Recently, we have reported an unusual variability in the reactivity of ThIV on the basal plane of muscovite mica dependent on the composition of the background electrolyte.[7] In this study, based on surface X-ray diffraction [SXD; crystal truncation rod diffraction (CTR) and resonant anomalous X-ray reflectivity (RAXR)] and alpha spectrometry, it was observed that ThIV sorption from NaClO4 solution was significantly lower [< d.l. (~0.04 ThIV per area of the muscovite unit cell AUC)] than from NaCl solution (θNaCl = 0.4 Th/AUC) under otherwise identical conditions.[8] The study also revealed that the adsorbed quantity of ThIV was significantly higher in LiClO4 medium (θLiClO4 = 4.9 Th/AUC), than in NaClO4 with KClO4 intermediate between Li and Na (θKClO4 ~ 0.1 Th/AUC). In the case of LiClO4 it could be shown by RAXR, that sorption occurs in the form of small particles a few nm in size.
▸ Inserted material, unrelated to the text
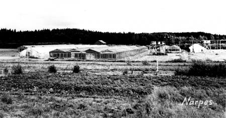 Georg Lassfolks (1901 - 1979) växthus syns på bilden. Han var pionjär för odling av tomater i Närpes och kallades allmänt för tomatkungen. online
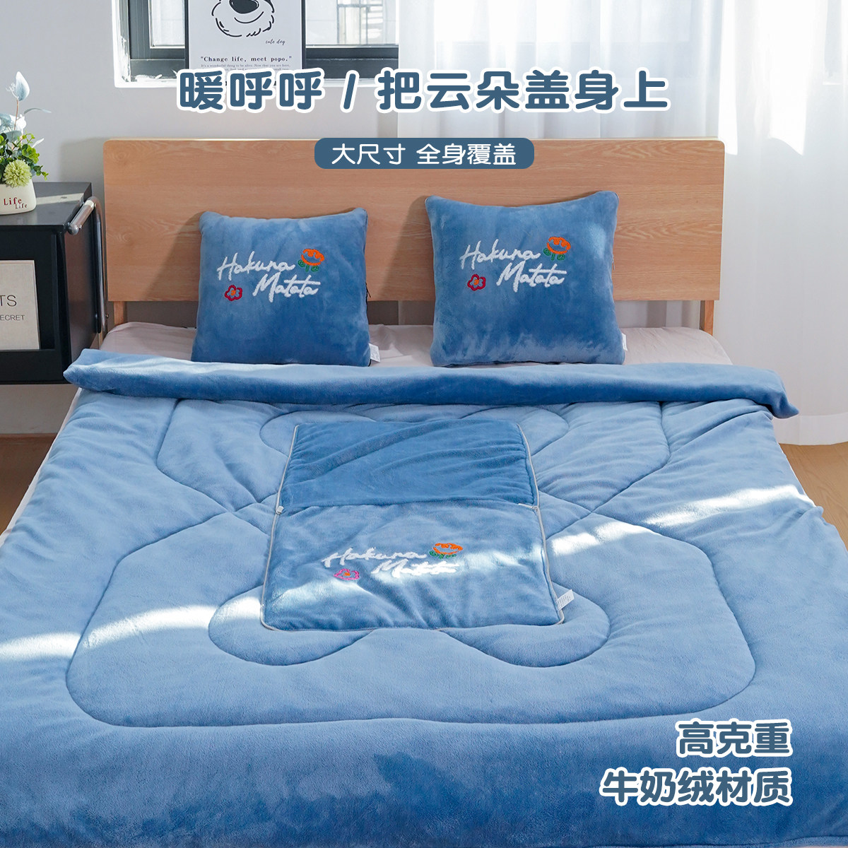 天猫加厚牛奶绒抱枕被子两用车载靠垫枕头办公室沙发折叠午睡被二合一

Here, we present a study using SXD in combination with alpha spectrometry and atomic force microscopy (AFM) aiming to identify the basis of the previously observed, unexpected effects. To probe whether anion and cation effect occur independently, ThIV sorption was studied in the presence of LiCl and KCl ([Th] = 0.1 mM, pH = 3.3, I = 0.1 M). ThIV uptake is strongest in the presence of LiCl (θLiCl = 8.8 Th/AUC), while sorption in the presence of KCl is weaker (θKCl = 3.6 Th/AUC) but still exceeds the surface occupancy previously found in NaCl media.[8] For all cations ThIV sorption is stronger when Cl- is the counterion compared to ClO4-, confirming that the cation effect is indeed independent of the background electrolyte’s anion. The influence of aqueous speciation on the sorption processes was determined using electro-spray-ionization time-of-flight mass spectrometry (ESI-TOF-MS), which finds a speciation dominated by the ThIV aquo ion in all media, indicating that any electrolyte effects must occur at the water/mineral interface. We investigated the influence of the presence of oligomers on the sorption process, by repeating experiments at higher initial [Th] = 3.0 mM. As expected ThIV sorption is significantly increased. ThIV adsorbs at a preferential height of ~6.5 Å, which can be identified as the preferred size of Th-nanochains on the mica basal plane by AFM (Fig. 1). Uptake from LiCl media is still larger than from NaCl, but only by ~32% compared to 2100% at the lower ThIV concentration. This suggests that the electrolyte cation influences the formation or aggregation of ThIV oligomers at the interface, and its influence is diminished when these are initially present.

Fig. 1. Total electron density and ThIV electron density as a function of distance from the mineral surface determined by SXD upon sorption from NaCl, KCl, and LiCl, respectively. Upper curves (grey, light blue, dark red) are total electron densities determined by CTR, lower curves (black, dark blue, light red) are ThIV electron density distributions from RAXR.

References
[1] H. Geckeis, et al., Chem. Rev., 113, 1016 (2013).
[2] K. E. Knope, et al., Chem. Rev., 113, 944 (2012).
[3] S. Hellebrandt, et al., Langmuir, 32, 10473 (2016).
[4] A. E. Hixon, et al., Environmental Science: Processes & Impacts, 20, 1306 (2018).
[5] M. Schmidt, et al., Env. Sci. Tech., 47, 14178 (2013).
[6] C. Walther, et al., Chem. Rev., 113, 995 (2013).
[7] M. Schmidt, et al., Geochim. Cosmochim. Acta, 165, 280 (2015).
[8] M. Schmidt, et al., Geochim. Cosmochim. Acta, 88, 66 (2012).